Employer credit checks: What you need to know

You probably already know you need to polish your resume, practice your interview skills, and create a list of positive references when you are looking for a new job. However, there’s something else that might impact your ability to get hired: your credit score.


Many employers conduct background checks on job candidates, including checking their credit reports. Yet they can’t see the same information that a lender or creditor can see when they pull your credit. There may also be state laws that govern what they can do with that information.

Here are some things you should know about employer credit checks.



Credit checks are most common in jobs requiring security clearances or sensitive job responsibilities such as access to money, consumer data, or confidential information. Certain employers may run credit checks on potential employees for one of the following reasons:


  • You might have difficulty managing your agreements responsibly if you have several late payments on your credit report.
  • You might be financially compromised if you use too much of your available credit or have too much debt.
  • Personal financial difficulties might indicate you aren’t a good fit for a job that involves managing money, like an accountant or chief financial officer.

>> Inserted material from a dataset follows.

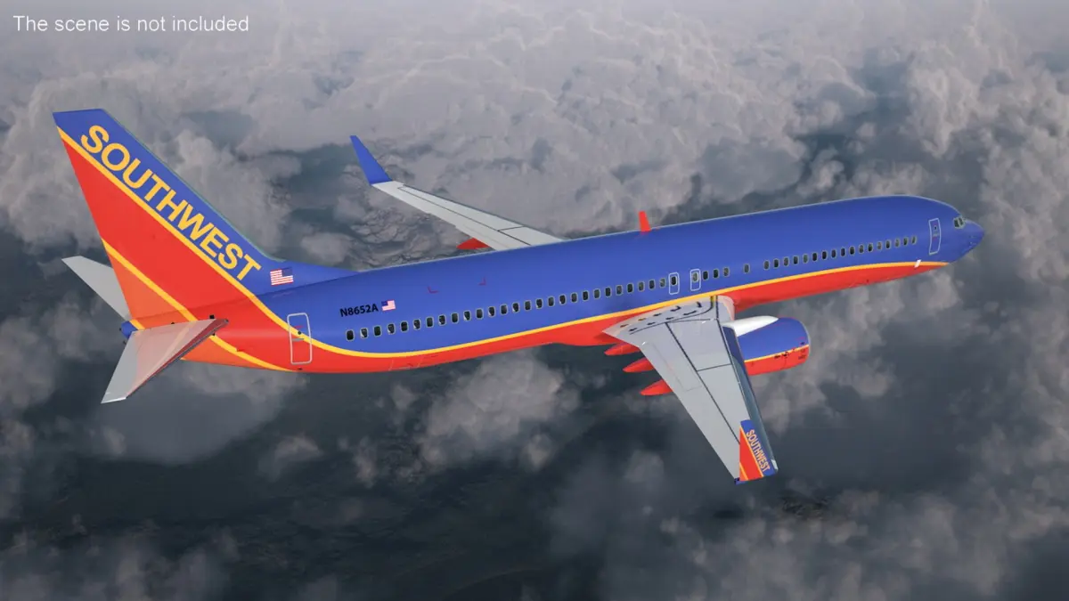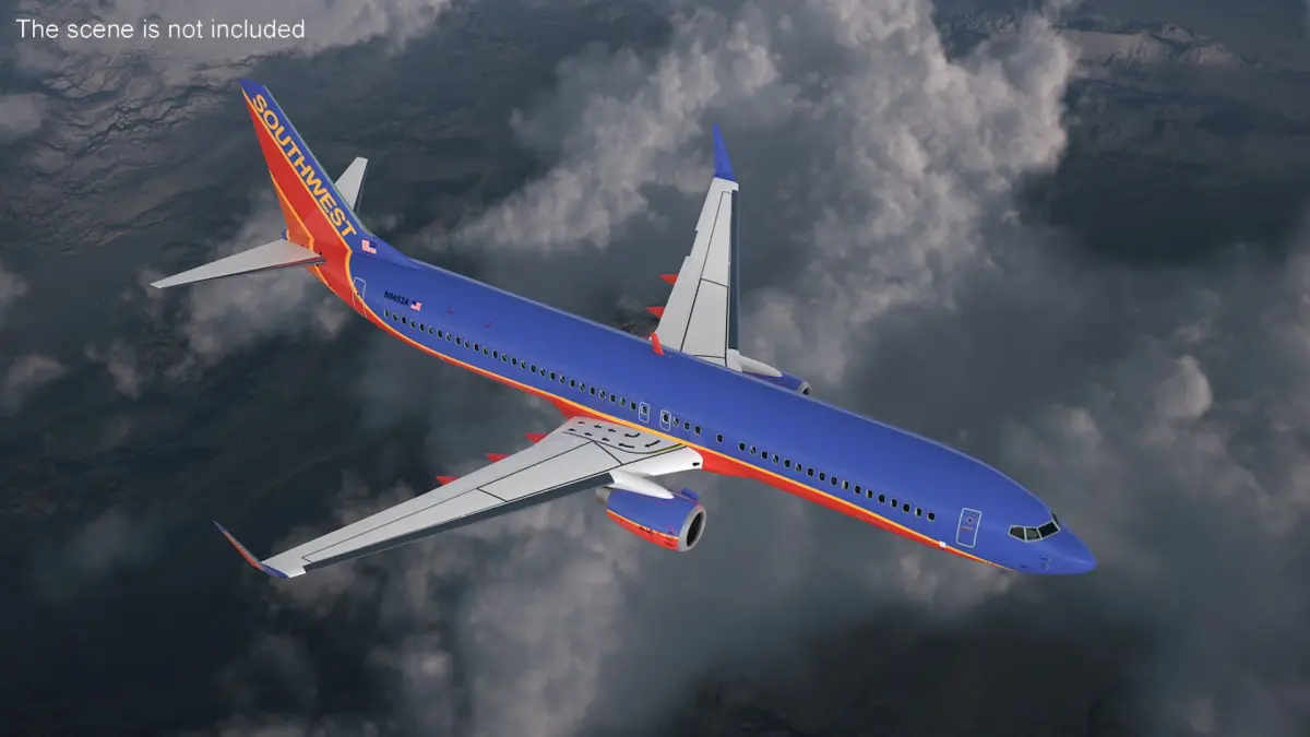 Southwest Airlines Boeing 737-900 with Interior Rigged is a 3d model of commercial airliner, representing a popular aircraft in the aviation industry.

Employer credit checks are illegal in some states. They can only be performed in certain circumstances. It may even be illegal for an employer to reject you based on information in your credit report, since some states limit employers’ ability to use credit reports for hiring decisions.


Additionally, some cities have enacted laws regarding employer credit checks. When a potential employer requests a credit check in the hiring process, you should check the employer’s state and local restrictions.

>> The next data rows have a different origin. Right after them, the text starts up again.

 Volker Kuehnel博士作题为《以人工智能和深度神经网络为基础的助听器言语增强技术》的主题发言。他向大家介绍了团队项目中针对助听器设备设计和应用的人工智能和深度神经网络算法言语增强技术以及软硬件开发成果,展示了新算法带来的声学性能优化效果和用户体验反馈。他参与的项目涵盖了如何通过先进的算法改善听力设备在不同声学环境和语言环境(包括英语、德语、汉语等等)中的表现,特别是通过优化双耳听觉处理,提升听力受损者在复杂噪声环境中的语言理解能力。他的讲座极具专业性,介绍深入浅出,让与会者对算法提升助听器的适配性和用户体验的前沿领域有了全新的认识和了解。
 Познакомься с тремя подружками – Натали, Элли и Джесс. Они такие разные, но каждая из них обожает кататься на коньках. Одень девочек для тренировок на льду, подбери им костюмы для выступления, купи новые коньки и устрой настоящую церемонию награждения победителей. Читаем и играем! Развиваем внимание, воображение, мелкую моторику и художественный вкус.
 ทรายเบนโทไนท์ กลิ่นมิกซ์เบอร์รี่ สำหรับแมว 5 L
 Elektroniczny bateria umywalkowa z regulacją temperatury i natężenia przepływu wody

Legality of employer credit checks may also depend on the type of employer. Federal, state, and local government agencies aren’t always subject to the same rules as private employers.



A limited version of your credit report is seen by employers who check your credit. It can include personally identifiable information that verifies your identity like your name and Social Security number. Your birth date will not be included. It may also contain information about your loans and debts, including payment history and collections.


Your credit score is not visible to employers. While they receive your report, they don’t see your three-digit credit score number. Unlike hard inquiries resulting from credit applications, employer credit checks are considered soft inquiries and do not affect credit scores.



No matter where you or your new employer are located, there are certain rights you have regarding employment credit checks.


  • If an employer plans to check your credit, they must obtain your written consent.
  • Employers who plan to turn you down for a job based on information in your credit report must give you a “pre-adverse action notice” with a copy of the credit report they used.
  • The employer must give you a reasonable amount of time (generally three to five business days) to respond to the items in your credit report that are affecting your job application and dispute inaccurate information with the credit bureaus.
  • They must follow up on your job application rejection with a “post-adverse action notice.” It includes the name of the credit bureau, its contact information, and explain your right to get a copy of your report within 60 days.


Remember that in states where credit checks are fully legal, employers may be able to make them a condition of employment. However, you must still provide permission for the credit check to be conducted. A credit check can’t be run without your knowledge or consent.


Use a credit report monitoring service to know what’s on your credit report. In this way, you can stay on top of any changes to your credit report or scores, as well as possible suspicious activity.